Helping Parents Prepare for the Future

 

Several years ago, my father passed away and although I knew he was getting older I did not think I was going to lose him so sudden. The hurt and devastation is still there and it seems just like yesterday. Going from having two parents to just one has been a big transition. Not only for us children but more moreso for my mom.

I currently live in a different state from my mom , which means I do not get to see her very often, so we are very thankful for technology, and make regular use of Skype, phone calls, emails, and texting to share pictures, fun events, and scenes of every day life. Having the long distance between us makes us treasure the times we do get to see each other in person even more deeply.
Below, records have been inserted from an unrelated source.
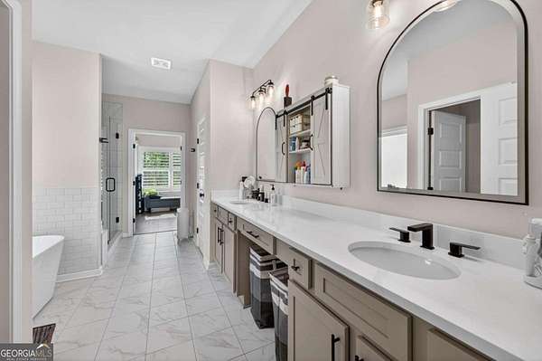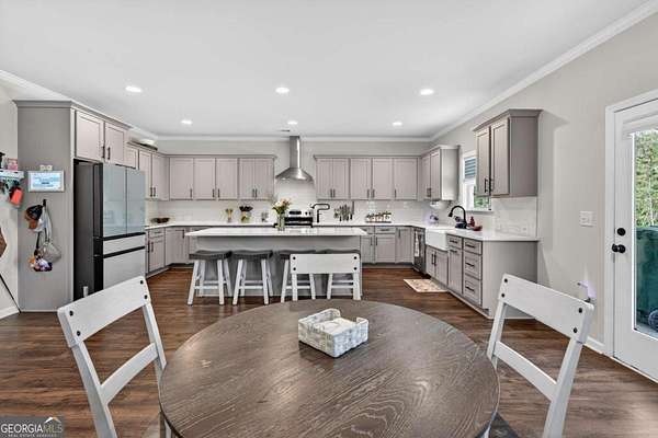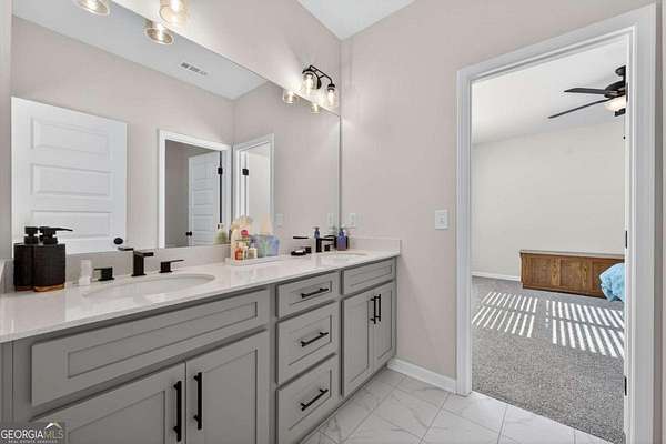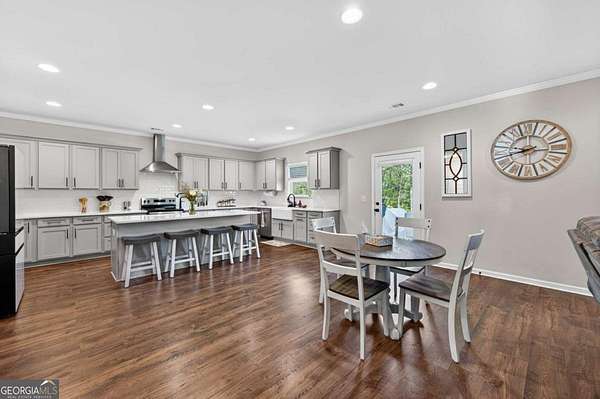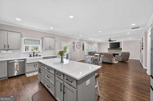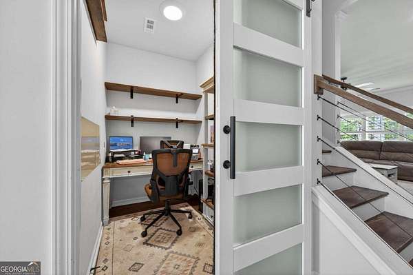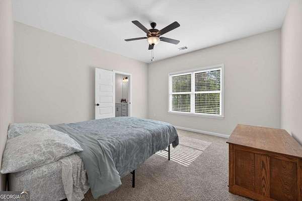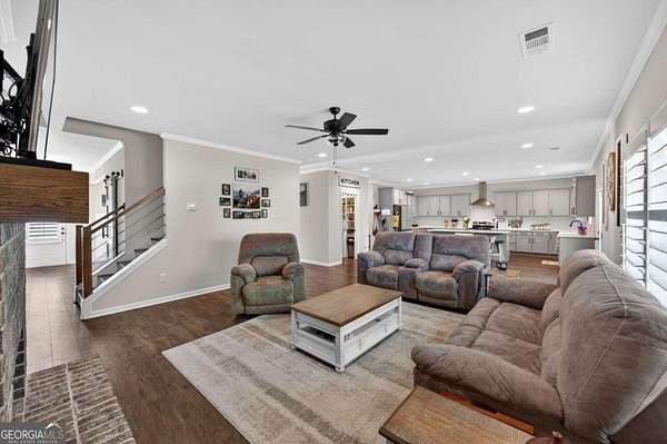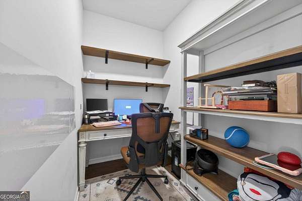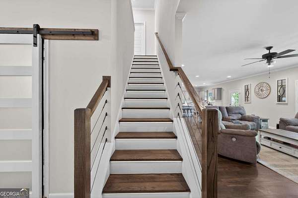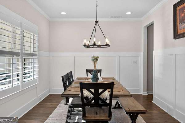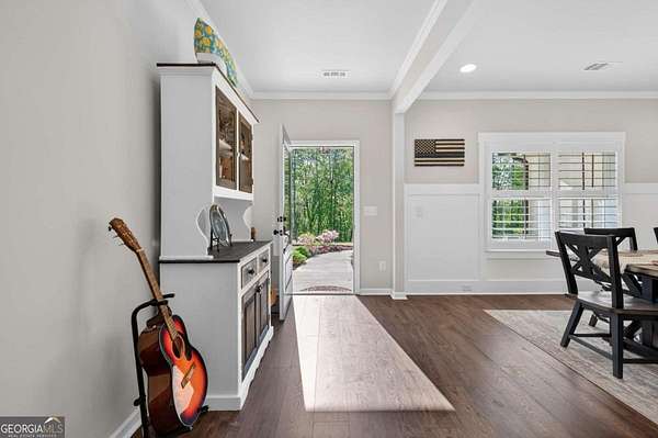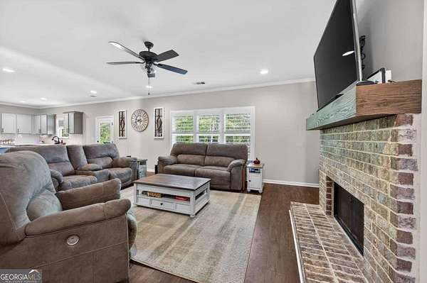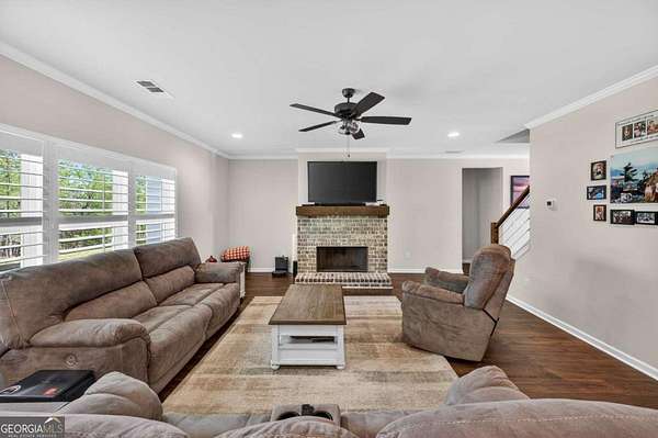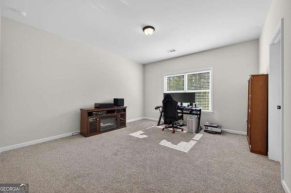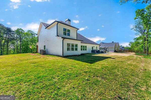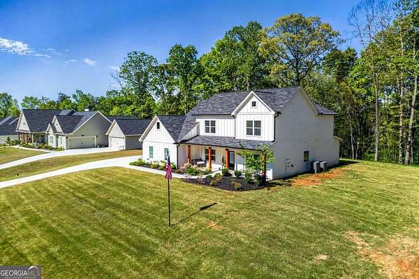 Built in 2024, this beautifully appointed 4-bedroom, 3.5-bath home in Rivermont offers 3,135 sq ft of thoughtfully designed living space in one of Dahlonega's newest communities. The inviting front porch welcomes you with a custom built swing to sit and enjoy your morning coffee or afternoon wine. The open main level is made for everyday comfort, featuring a family room with fireplace and a chef's kitchen appointed with quartz countertops, pot filler, custom pantry, and stainless steel appliances. The main-floor master suite impresses with an extended bath offering a soaking tub, large tile shower with built in bench, and custom walk-in closet. A private office and half bath complete the main floor. Upstairs, three spacious bedrooms and two full baths provide room for everyone. Also, a extra walk in unfinished attic room that is great for storage. What truly sets this home apart is the impressive list of upgrades already in place - Custom shutters, epoxy garage floor, water softener, sprinkler system, Govee permanent outdoor lighting, stair lighting, utility sink in laundry, hood vent, and a Ring camera system, to name just a few. Nothing has been overlooked. Situated in the North Georgia foothills just minutes from downtown Dahlonega, this is a rare opportunity to own a like-new home with all the extras already done.
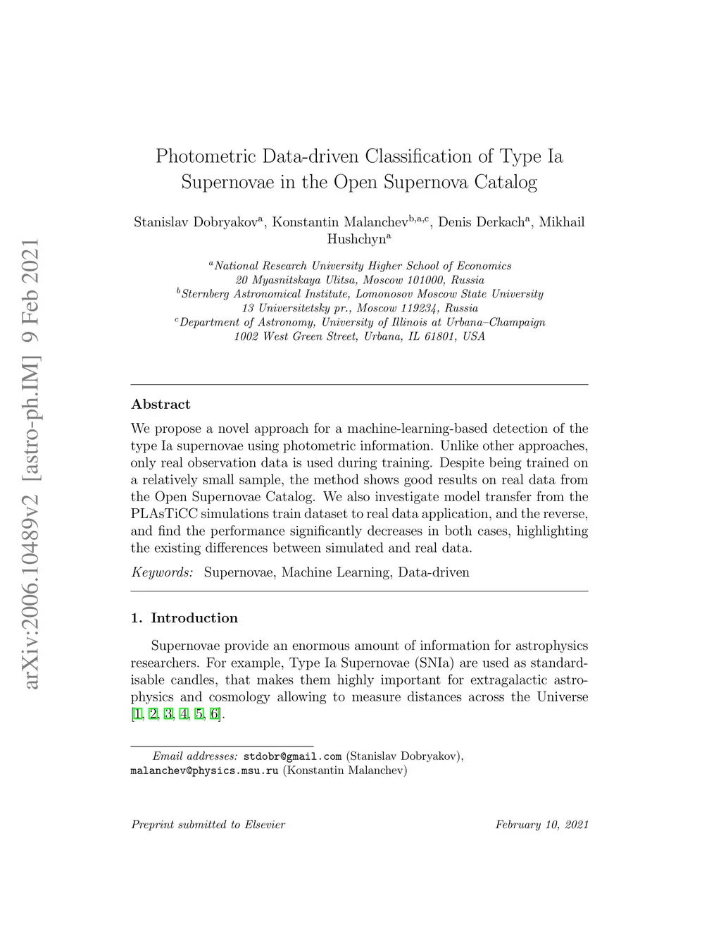 We propose a novel approach for a machine-learning-based detection of the type Ia supernovae using photometric information. Unlike other approaches, only real observation data is used during training. Despite being trained on a relatively small sample, the method shows good results on real data from the Open Supernovae Catalog. We also investigate model transfer from the PLAsTiCC simulations train dataset to real data application, and the reverse, and find the performance significantly decreases in both cases, highlighting the existing differences between simulated and real data.
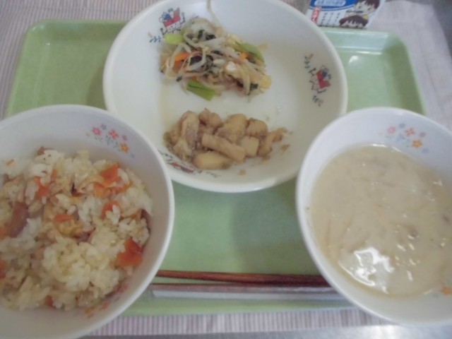 28日 大山おこわ いかの香味炒め 呉汁 彩り和え 牛乳
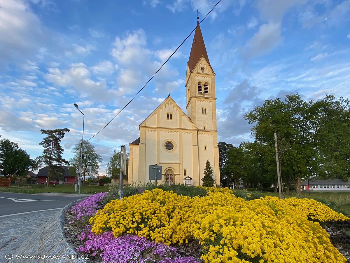 Kostel, který pojme až 700 věřících, byl 28. září v den svátku Sv. Václava v roce 1901 vysvěcen budějovickým biskupem Martinem Říhou. Ani tomuto kostelu se nevyhnuly konfiskace zvonů v obou světových válkách, ale vždy se našlo dostatek místních dárců na pořízení nových zvonů. Ty současné byly na věž kostela Sv.Václava zavěšeny v roce 1971 a jejich polední a večerní vyzvánění je dnes zajišťuje automatika.

Planning For Long Term Care

Sitting down and talking about the future for my parents as they got older was not something we really discussed. We knew they were getting older but never really had that talk. I guess we all wished we would have more time. Now that dad is gone, it is a conversation we really should have with mom. All of my siblings are adults now. Some of us live and work in different states, and some of us are married with families of our own. Retirement plans are becoming reality for my mom as she transitions into a new season of her life. With all of these changes happening, some more smoothly than others, one idea comes to the forefront and strikes us as more and more unmistakeable: Life is uncertain! Sometimes, things can change quite quickly. This article in the New York Times discusses the unpredictable and fragile nature of life, as well as the challenging combination of expense and emotions that is involved in long term care. You really never know what the future may bring.

 

Health that seems good today can decline rapidly tomorrow. With this in mind, I believe that it is a very good idea for there to be a plan in place that includes financial coverage to provide for long term care for parents as they age. Having these things in order ahead of time will bring a lot of peace of mind to parents as they age, as well as to us, their adult children. Genworth, a trusted provider of mortgage, life, annuity, and long term care insurance is a great resource when it comes to figuring out a good plan for the future of our parents. I found their articles very helpful as I thought about my what my mom will need, what her future care could cost, and what specific things I need to discuss with her.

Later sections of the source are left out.